**Dataset content**
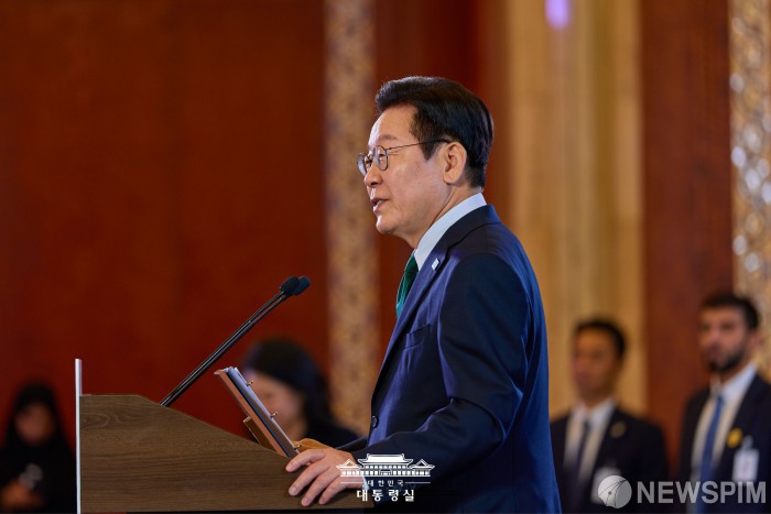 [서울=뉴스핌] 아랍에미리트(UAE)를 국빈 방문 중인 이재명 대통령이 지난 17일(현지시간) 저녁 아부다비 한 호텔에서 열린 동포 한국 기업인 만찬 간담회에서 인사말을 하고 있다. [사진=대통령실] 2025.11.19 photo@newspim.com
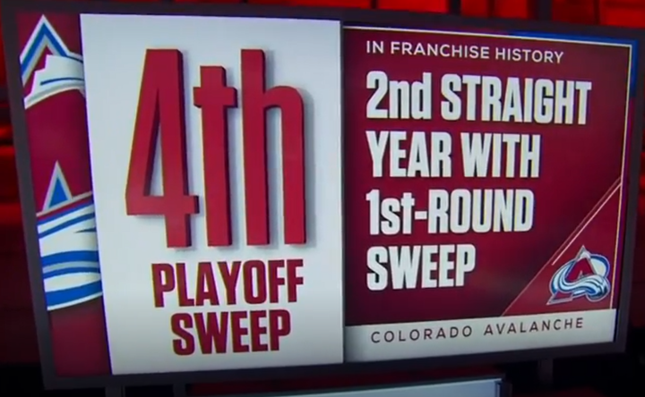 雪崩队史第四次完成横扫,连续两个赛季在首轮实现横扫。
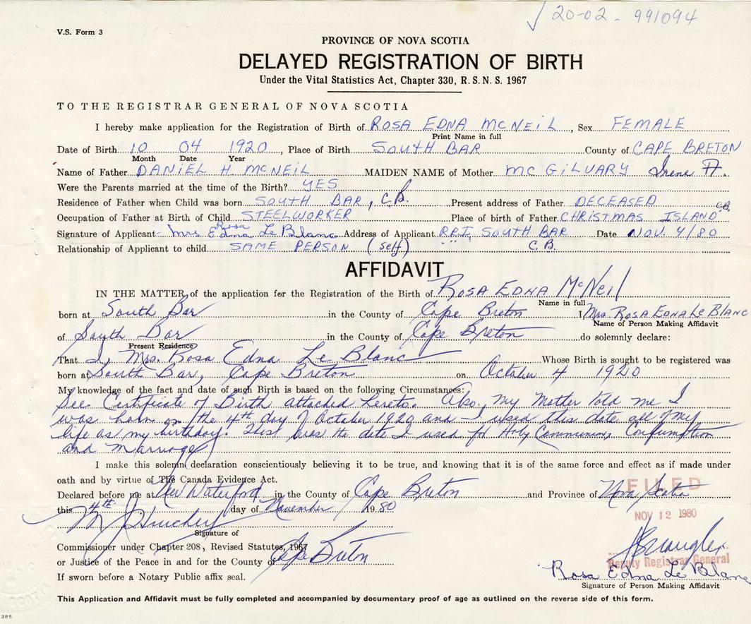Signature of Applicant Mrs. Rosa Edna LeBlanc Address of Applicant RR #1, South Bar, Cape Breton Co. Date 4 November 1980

**Task to carry out**
Leave the images aside and retype each line of the listing above exactly.

**Answer**
 [서울=뉴스핌] 아랍에미리트(UAE)를 국빈 방문 중인 이재명 대통령이 지난 17일(현지시간) 저녁 아부다비 한 호텔에서 열린 동포 한국 기업인 만찬 간담회에서 인사말을 하고 있다. [사진=대통령실] 2025.11.19 photo@newspim.com
 雪崩队史第四次完成横扫,连续两个赛季在首轮实现横扫。
Signature of Applicant Mrs. Rosa Edna LeBlanc Address of Applicant RR #1, South Bar, Cape Breton Co. Date 4 November 1980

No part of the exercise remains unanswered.